Wamugi v Republic [2025] KECA 839 (KLR)
Full Case Text
Wamugi v Republic (Criminal Appeal 18 of 2018) [2025] KECA 839 (KLR) (9 May 2025) (Judgment)
Neutral citation: [2025] KECA 839 (KLR)
Republic of Kenya
In the Court of Appeal at Nakuru
Criminal Appeal 18 of 2018
MA Warsame, JM Mativo & PM Gachoka, JJA
May 9, 2025
Between
Boniface wangi Wamugi
Appellant
and
Republic
Respondent
(An appeal from the judgment of the High Court of Kenya at Nyahururu (R.P.V. Wendoh, J.) dated 12th April 2018 AND REPUBLIC RESPONDENTin HCCRA No. 129 of 2017)
Judgment
1. The appellant, Boniface Mwangi Wamugi, was charged with the offence of defilement of a girl contrary to section 8 (1) as read with section 8 (2) of the Sexual Offences Act in Nyahururu CMC Criminal Case (SO) No. 1236 of 2014. The particulars of the offence were that on 22nd March 2014 in [Particulars withheld] location within Laikipia County, the appellant intentionally and unlawfully caused his penis to penetrate the vagina of LJW alias LWM, a child aged 13 years old. The appellant also faced an alternative count of committing an indecent act with a child contrary to section 11 (1) of the Sexual Offences Act.
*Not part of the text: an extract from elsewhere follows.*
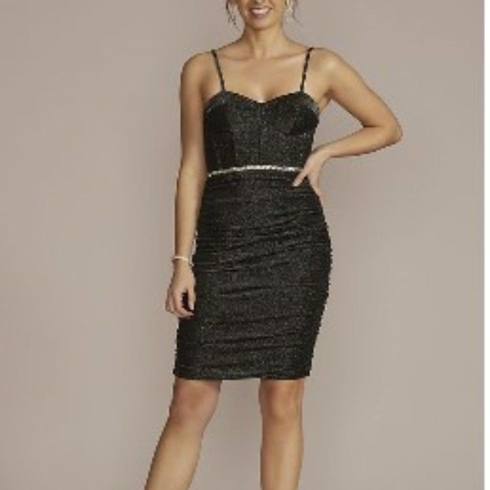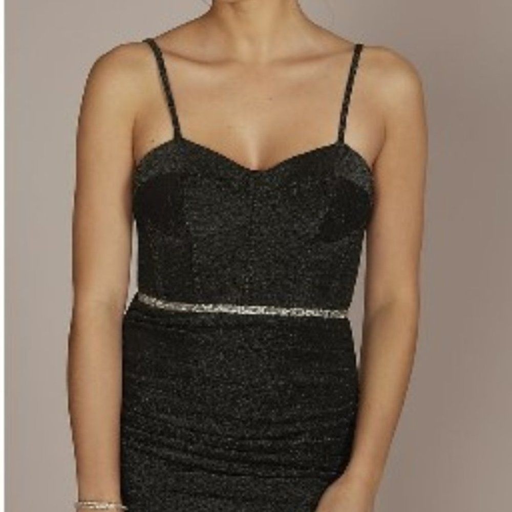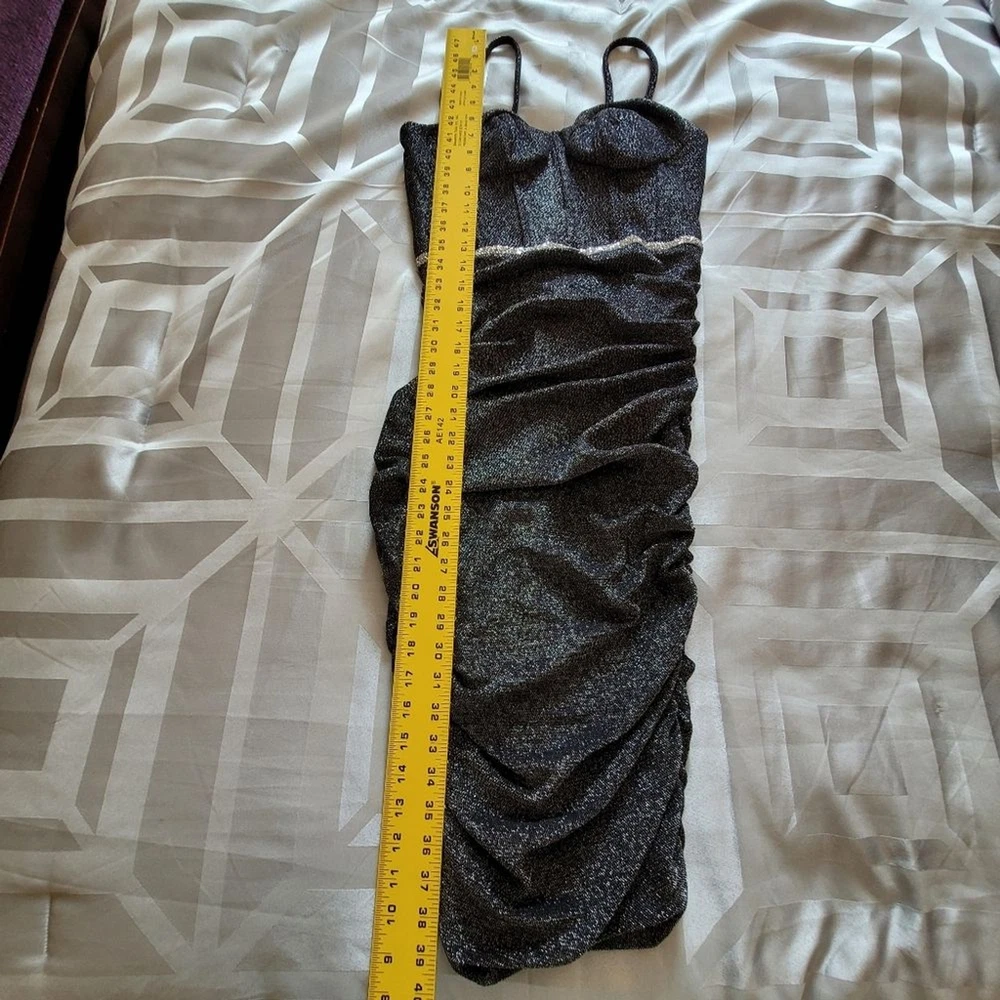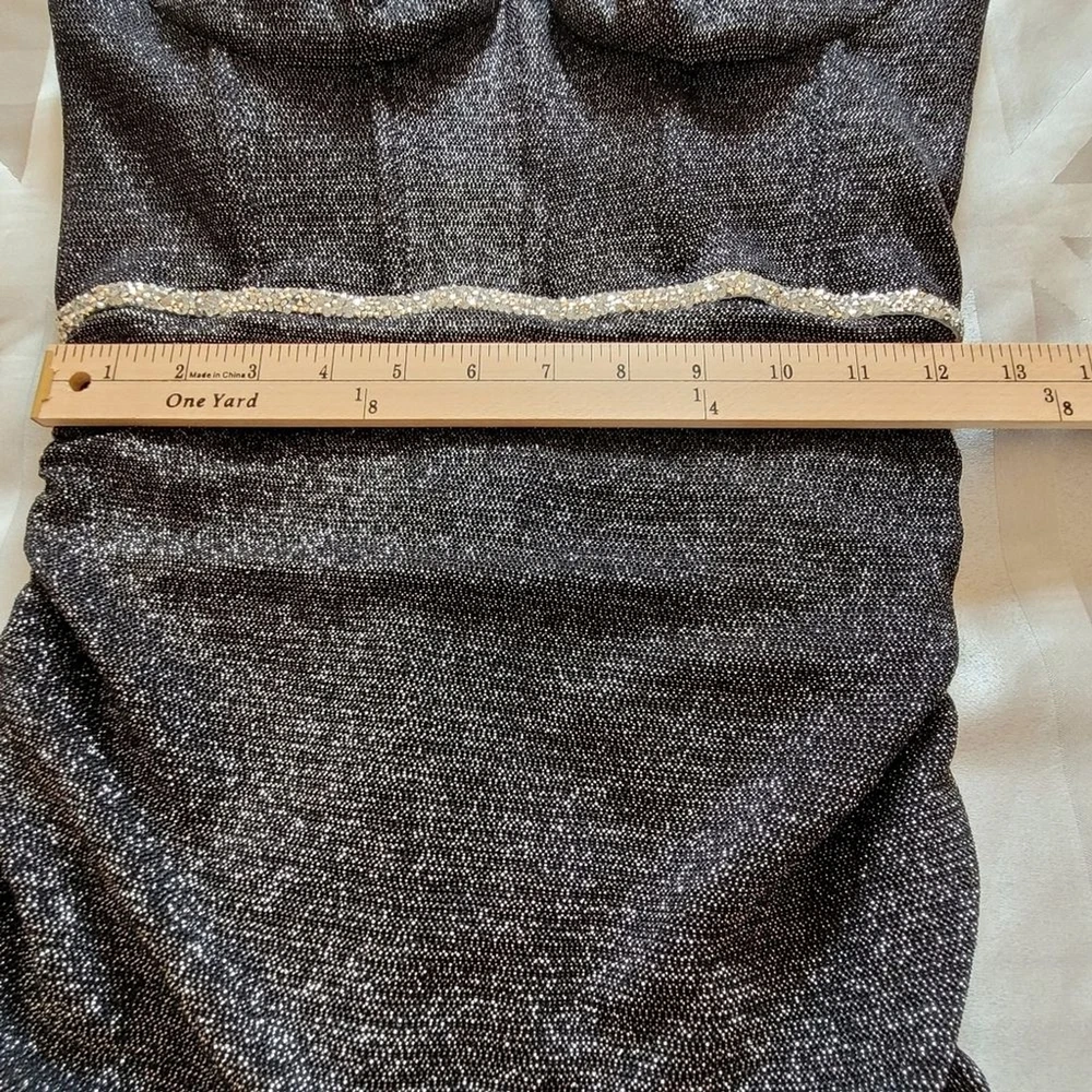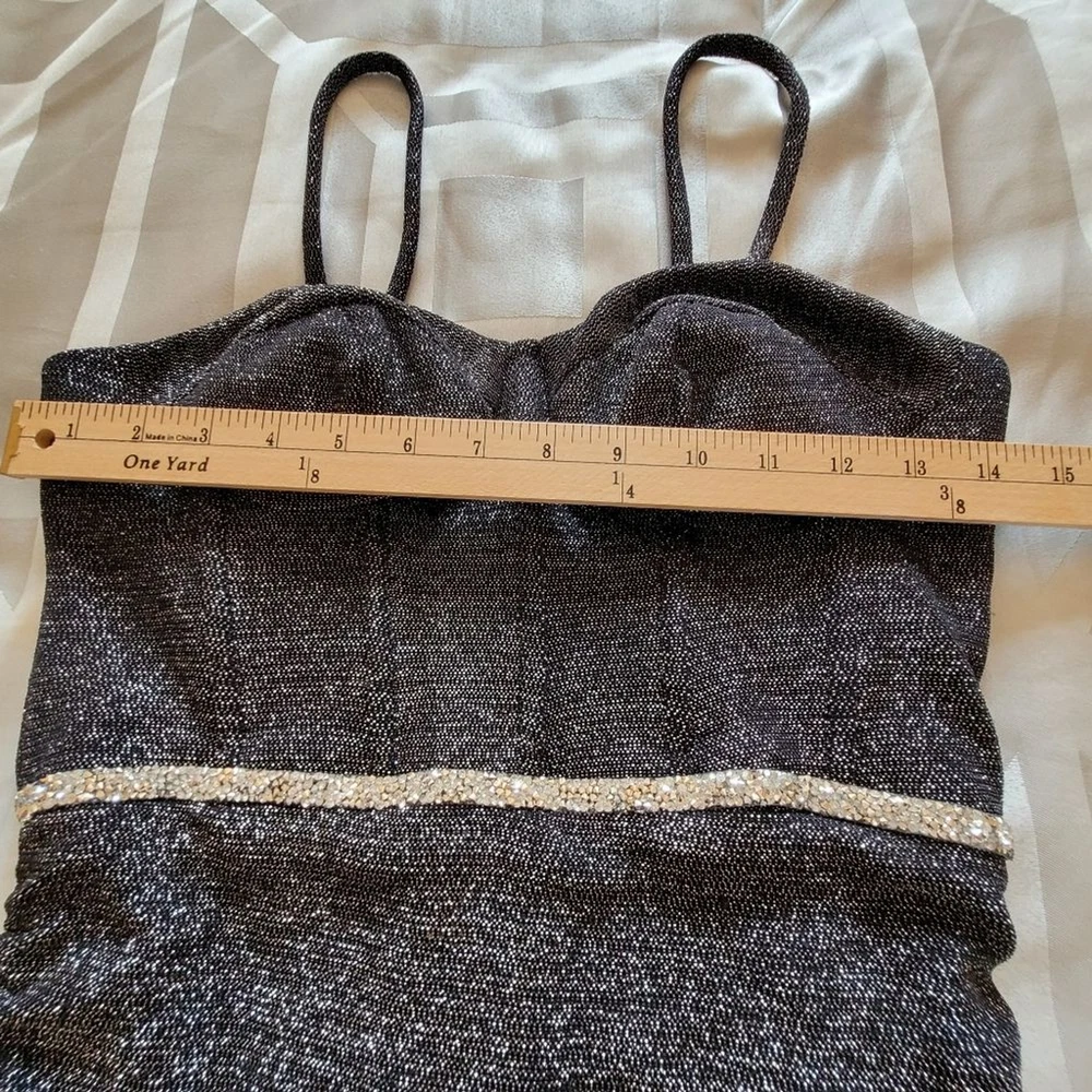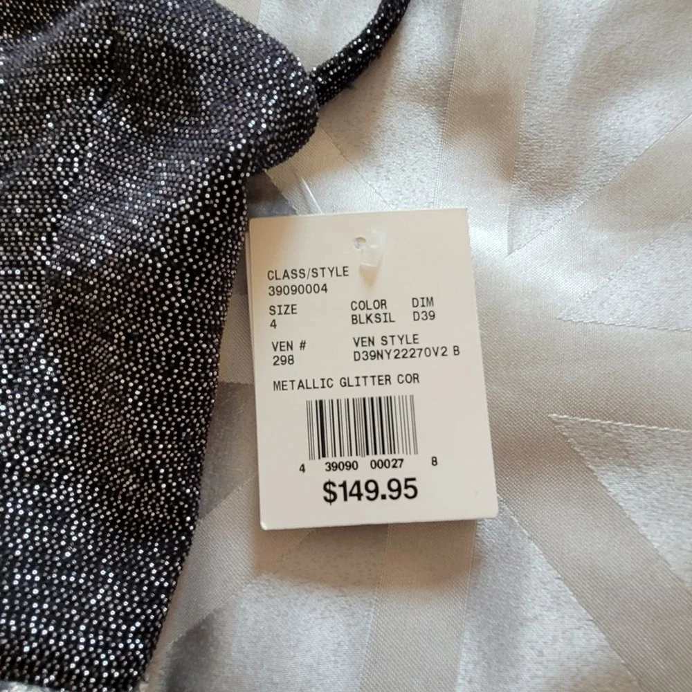 DB Studio Black Metallic Sweetheart Corset Midi Dress - New With Tags - Size: 4 - Color: Black Metallic - Shimmering Sparkle Stretch Dress - Hi-Waist Silver Detail - Corset Detail - Party Dress, Black Dress, Semi-Formal Dress, Cocktail Dress - Homecoming, Holiday, Christmas, Prom, New Year's Eve - Hidden Back zipper - Fully lined - 89% Nylon, 8% Metallic, 3% Spandex - Smoke-Free Home

The particulars of the offence were that on the same day and in the same place, the appellant intentionally and unlawfully caused his penis to touch the vagina of LJW alias LWM, a child aged 13 years old.
2. The appellant was arraigned before the trial court to answer to the charges where he pleaded not guilty. After a full trial, the appellant was convicted on the main charge of defilement and sentenced to serve 20 years imprisonment. The appellant appealed before the Nyahururu High Court in Criminal Appeal No. 129 of 2017 where Wendoh, J. dismissed his appeal both on conviction and sentence.
3. The appellant is dissatisfied with those findings. He has filed his notice of appeal dated 25th April 2018. He also filed his amended grounds of appeal dated 31st January 2024. The appellant impugned the findings of the learned judge on the following summarized grounds: he decried that he had been framed on account of the fact that a disagreement ensued between himself and the complainant’s family and his defence was not considered; the prosecution failed to discharge its burden of proof to the required standard of proof; and the sentence meted out was harsh and excessive. In view of the foregoing circumstances, the appellant urged this Court to find merit in his appeal.
4. This appeal was heard on 18th February 2025. The appellant was present and appeared in person while the respondent was represented by Senior Assistant Director of Public Prosecution, Mr. Omutelema. The parties adopted their respective written submissions.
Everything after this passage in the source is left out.